Given entries section start

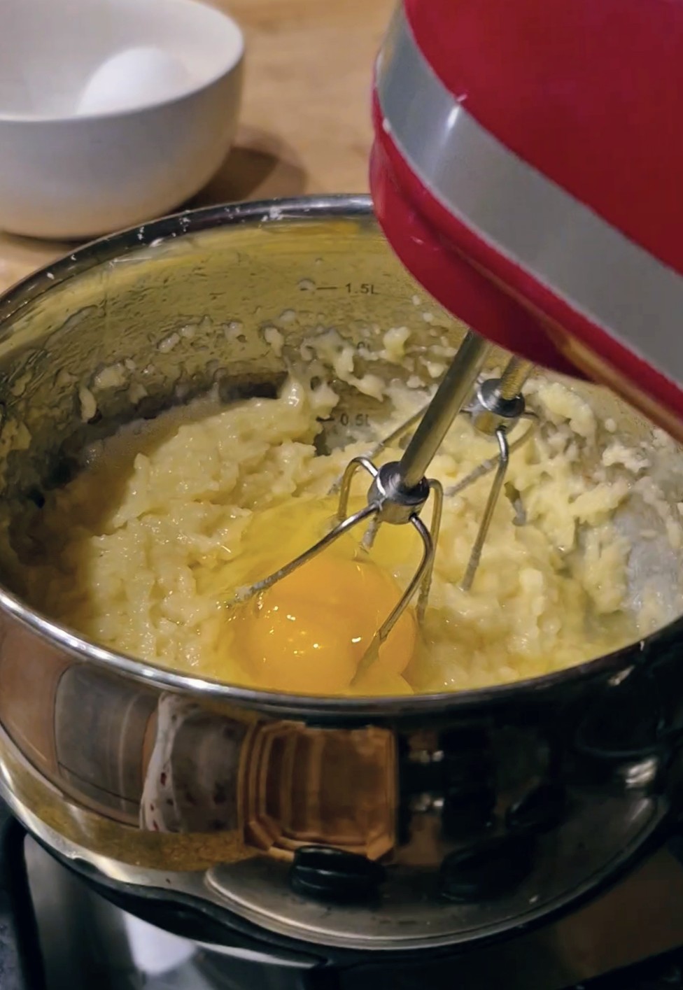 Add the eggs, orange zest, and vanilla and mix until fully combined.
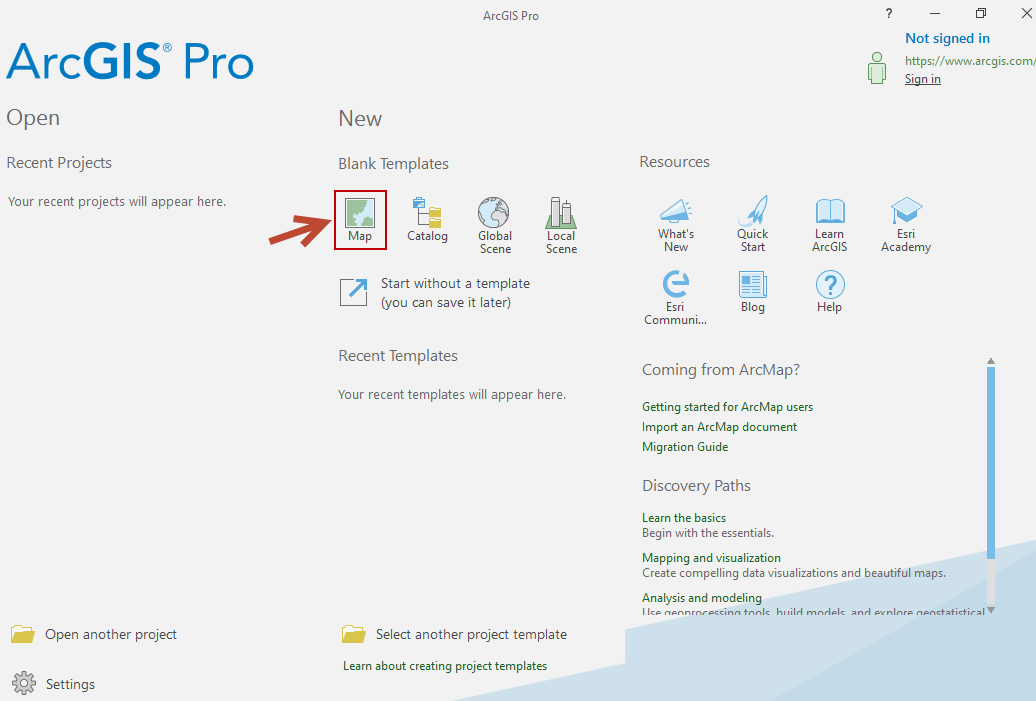 حل تمرين 1- ایجاد یک پروژه جدید: 1) برنامه ArcGIS Pro را باز کرده و پس از باز شدن این برنامه، در قسمت New و Blank Template، بر روي گزینه Map کلیک کنید تا پنجره Create New Project باز شود.
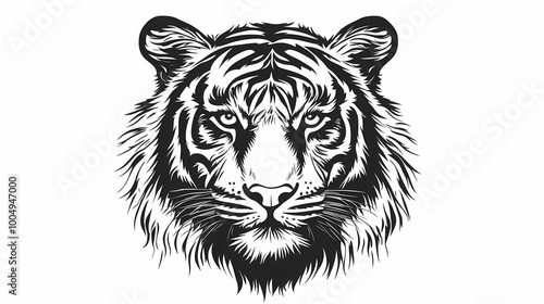 Logo design, stencil art style, solid silhouette of a tiger's face, high contrast black and white, white background. Stencil Art. Illustration
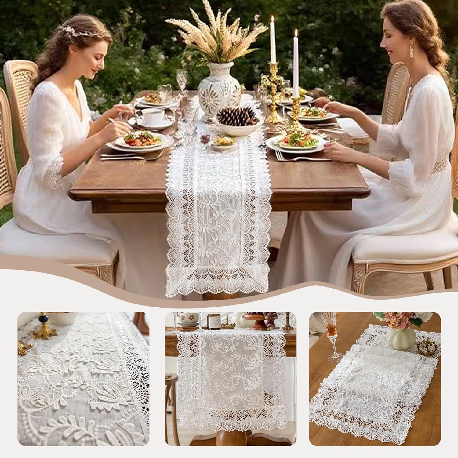- Telegant Design: Beautiful white lace table runner featuring intricate floral embroidery and scalloped edges, perfect for adding a french romantic touch to any table setting. The simple design provides more possibility to match with the surrounding decoration, whether itβs modern or vintage.
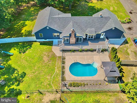 Welcome home! You will truly appreciate this stunning custom rancher situated on over 4 acres—perfect for horses, chickens, and goats, or perhaps building a huge garage for all your toys. This home exudes a true custom look and feel, complemented by top-quality landscaping featuring retaining walls, an in-ground pool, and a composite deck. The property offers pastures, a paddock, and a horse barn, along with a large concrete pad ready for another outbuilding. Upon entering through the front door, you are greeted by a tiled foyer that leads to a family room with cathedral ceilings, a brick fireplace, and large windows overlooking the composite deck and gorgeous swimming pool. The shabby chic kitchen cabinetry, granite countertops, and stainless steel appliances are accented by a rustic center island custom made from wood/epoxy. The half-barrel light fixture adds a charming touch. The master suite features a tasteful accent wall, two large closets, and a lavish bathroom with soaking tub and tiled shower. Most mechanicals have been recently updated, including the roof, HVAC system, instant hot water system, water softener and pressure tank, windows, and more. The 2 remaining bedrooms on the main floor are rather large and generously sized. From the exterior this home is deceiving because the finished basement adds an additional 1400 square feet of living space! Basement configured with a rec room, game room, play room and 2 large bedrooms with egress windows. Just come see for yourself, we all know this will not last long.

Given entries section end

Exercise requirements — An exact copy of every entry, minus the pictures, is what you should return.

Solution for this task —
 Add the eggs, orange zest, and vanilla and mix until fully combined.
 حل تمرين 1- ایجاد یک پروژه جدید: 1) برنامه ArcGIS Pro را باز کرده و پس از باز شدن این برنامه، در قسمت New و Blank Template، بر روي گزینه Map کلیک کنید تا پنجره Create New Project باز شود.
 Logo design, stencil art style, solid silhouette of a tiger's face, high contrast black and white, white background. Stencil Art. Illustration
- Telegant Design: Beautiful white lace table runner featuring intricate floral embroidery and scalloped edges, perfect for adding a french romantic touch to any table setting. The simple design provides more possibility to match with the surrounding decoration, whether itβs modern or vintage.
 Welcome home! You will truly appreciate this stunning custom rancher situated on over 4 acres—perfect for horses, chickens, and goats, or perhaps building a huge garage for all your toys. This home exudes a true custom look and feel, complemented by top-quality landscaping featuring retaining walls, an in-ground pool, and a composite deck. The property offers pastures, a paddock, and a horse barn, along with a large concrete pad ready for another outbuilding. Upon entering through the front door, you are greeted by a tiled foyer that leads to a family room with cathedral ceilings, a brick fireplace, and large windows overlooking the composite deck and gorgeous swimming pool. The shabby chic kitchen cabinetry, granite countertops, and stainless steel appliances are accented by a rustic center island custom made from wood/epoxy. The half-barrel light fixture adds a charming touch. The master suite features a tasteful accent wall, two large closets, and a lavish bathroom with soaking tub and tiled shower. Most mechanicals have been recently updated, including the roof, HVAC system, instant hot water system, water softener and pressure tank, windows, and more. The 2 remaining bedrooms on the main floor are rather large and generously sized. From the exterior this home is deceiving because the finished basement adds an additional 1400 square feet of living space! Basement configured with a rec room, game room, play room and 2 large bedrooms with egress windows. Just come see for yourself, we all know this will not last long.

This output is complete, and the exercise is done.